Raiffeisenbank: Ein überheblicher Entscheid

Autor: «Raiffeisen übernimmt fast die ganze Wegelin-Bank» – FN vom 28. Januar

Was sich die Zentrale in St. Gallen geleistet hat, ist ein «faux pas par excellence», eine vollendete Tatsache zulasten nicht konsultierter Bank-Filialen und aller mithaftenden Genossenschafter. Dass Raiffeisenchef Pierin Vincenz den bestens arbeitenden und dastehenden Regionalbanken und ihrem engagierten Personal solche Entscheide mit hohem Risiko zumutet, zeugt von Überheblichkeit.

Die Verlegung der Tätigkeit der Zentrale auf die spekulative Verwaltung des Vermögens von «Hyper-Vermögenden» widerspricht der demokratisch organisierten und gut funktionierenden Raiffeisenkultur sowie den Sicherheitsbedürfnissen aller Teilhaber.

Waren die ausgerechnet jetzt von der «beliebten» Rating-Agentur Moody’s erfolgte Herabstufung sowie der Fall UBS noch nicht Fingerzeige genug zu Vorsicht? Ist es von Bankern, Wissenschaftlern und Politikern nicht zu früh, den Genossenschaftern den Deal optimistisch als strategisch optimale Lösung, als gute Transaktion beliebt zu machen, obwohl Sicherheit für ein Gelingen überhaupt nicht besteht? Die Finma nickt einmal mehr zum juristischen Trick der Auslagerung der Probleme in eine «Zweckgesellschaft», und der Bundesrat gibt sich bedeckt!

Damit wurden nun unnötig Sympathien und Vertrauen zu Raiffeisen aufs Spiel gesetzt.
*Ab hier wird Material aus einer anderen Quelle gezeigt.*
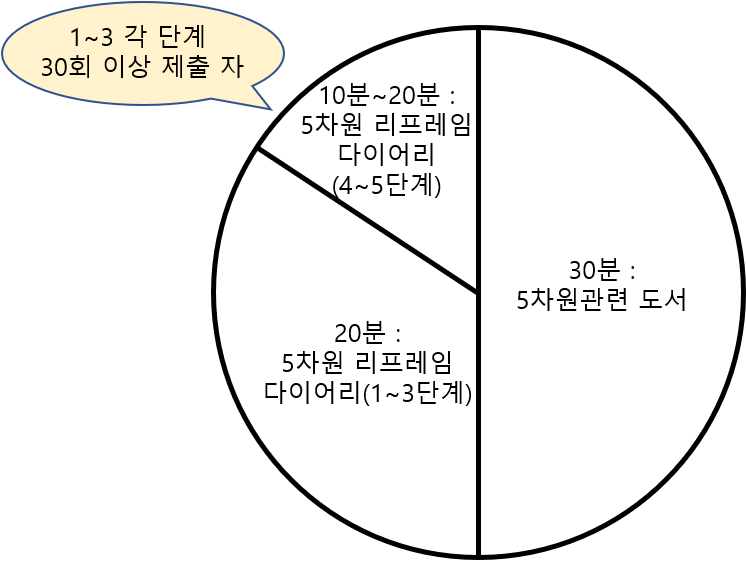 1. 5차원 리프레임다이어리 5단계까지 완성 -> 평생동안 실행

Müsste in dieser ohnehin von Krisen geprägten Zeit nicht das Sprichwort gelten: «Schuster bleib bei deinen Leisten»? Die Geschäftsleitung strebt aber nach Wachstum und systemwidriger Grösse! Wäre Raiffeisen nicht besser beraten, sich zu bescheiden und in Zukunft vorab für die Weiterentwicklung ihrer bisher vor Ort volksnah erbrachten Dienstleistungen einzusetzen? Dies im Interesse ihres Personals, der Kleinanleger, der Realwirtschaft, vorab der KMU, und der Landwirtschaft! Das heisst, ihr Wirken prioritär vor die geldgierige, auf Dauer ins Leere laufende marktverrückte Finanzwirtschaft zu stellen. Wäre es infolge vorgängig offenbar ungenügender Konsultation sowie fragwürdiger Kompetenz der Leitung nicht sinnvoll, zu prüfen, ob und wie der so risikoreiche Deal noch rückgängig gemacht werden könnte?